Having regard to the Treaty on the Functioning of the European Union (TFEU), and in particular Article 126(7) thereof,

Having regard to the recommendation from the Commission,

Whereas:

(1)According to Article 126 of the TFEU, Member States shall avoid excessive government deficits.

(2)The Stability and Growth Pact is based on the objective of sound government finances as a means of strengthening the conditions for price stability and for strong, sustainable and inclusive growth underpinned by financial stability, thereby supporting the achievement of the Union’s objectives for sustainable growth and employment.

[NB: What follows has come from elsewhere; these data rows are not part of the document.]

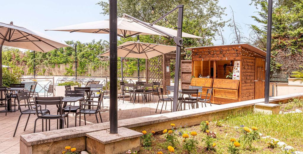 Dopo aver esplorato Roma, rilassatevi sulla terrazza con un bicchiere di vino e assaporate i sapori mediterranei che vi trasporteranno nel cuore della Capitale. Le camere, confortevoli e spaziose, offrono lo spazio ideale per riprendersi da una lunga giornata di visite turistiche - o semplicemente per rilassarsi!
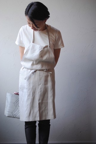 デイリーエプロンよりも着丈が長め、格好良い雰囲気。
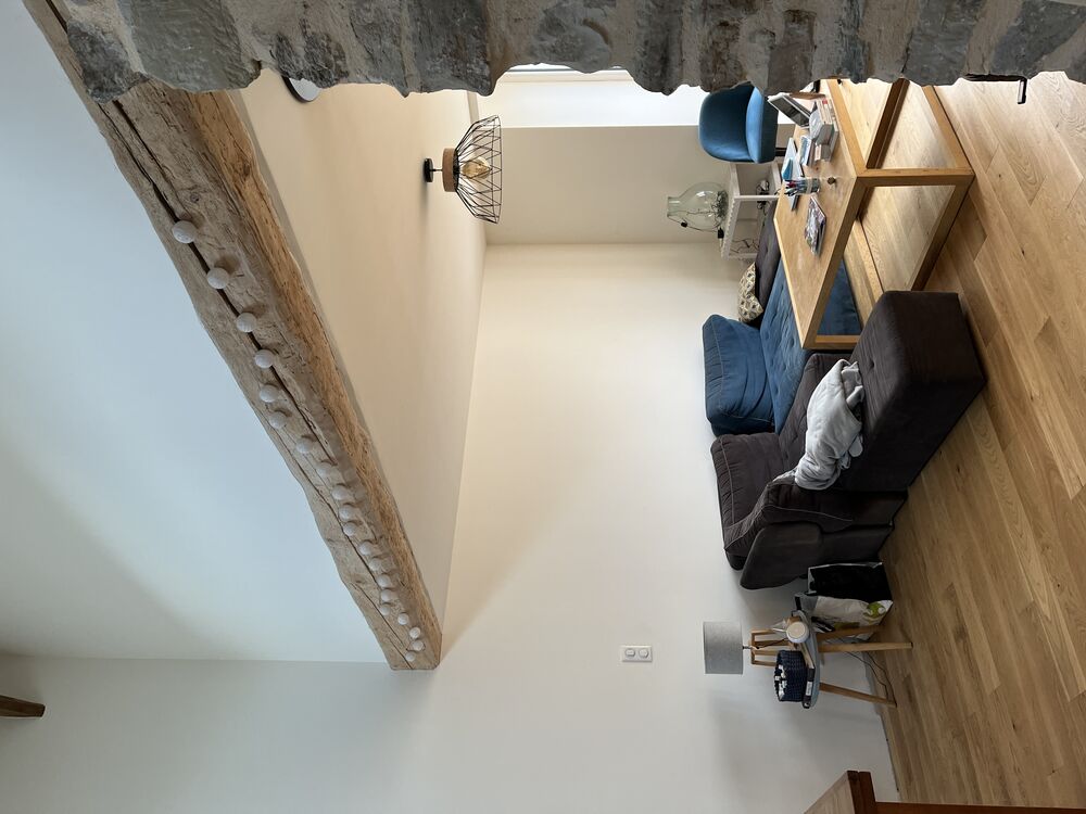 Les planchers sont en bois massif et la peinture (Algo) est fabriquée en France à base l’algues. Par soucis d’économie, ces prestations ont été réalisées par les clients.
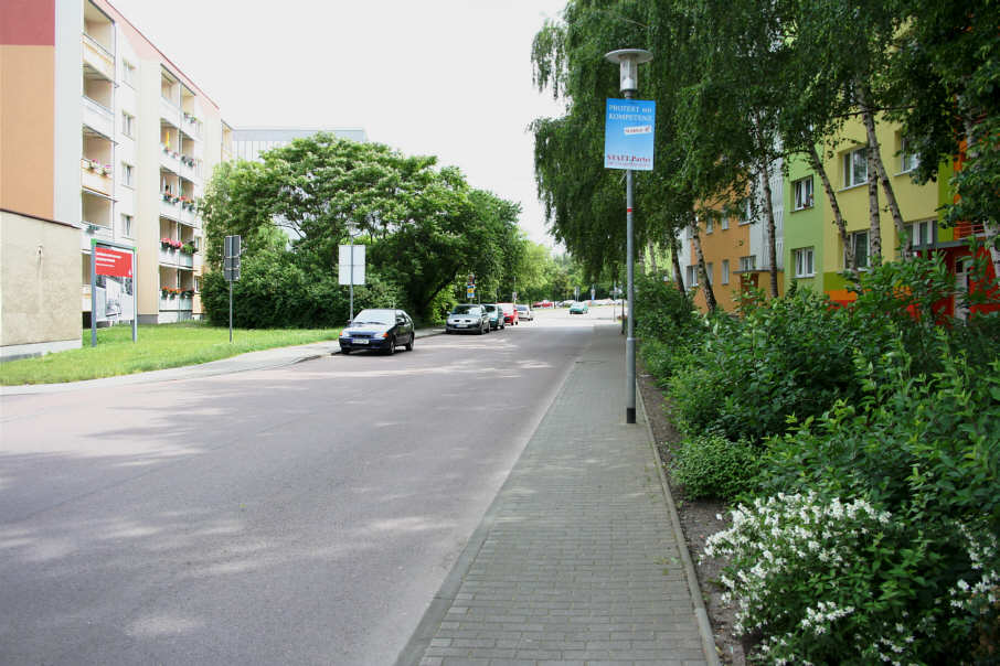 Messung vom 28. Mai 2009. Blick auf den Anfahrtsweg zu einer Geschwindigkeitskontrolle der Stadtverwaltung Merseburg in Merseburg in der Straße Am Brühl in Fahrtrichtung Naumburger Straße (B 181).
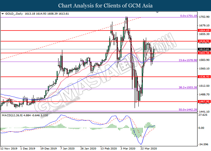 GOLD_, Daily: Gold price was traded higher following prior breakout above the previous resistance level at 1602.55. MACD which illustrate bullish bias momentum suggest the commodity to extend its gains toward the resistance level at 1634.90.

(3)On 30 April 2024, the EU’s reformed economic governance framework entered into force. The framework includes Regulation (EU) 2024/1263 1 of 29 April 2024 on the effective coordination of economic policies and multilateral budgetary surveillance and repealing Council Regulation (EC) No 1466/97. It also includes Council Regulation (EU) 2024/1264 amending Council Regulation (EC) No 1467/97 2 on speeding up and clarifying the implementation of the excessive deficit procedure, as well as Council Directive (EU) 2024/1265 3 of 29 April 2024 amending Directive 2011/85/EU on requirements for budgetary frameworks of the Member States.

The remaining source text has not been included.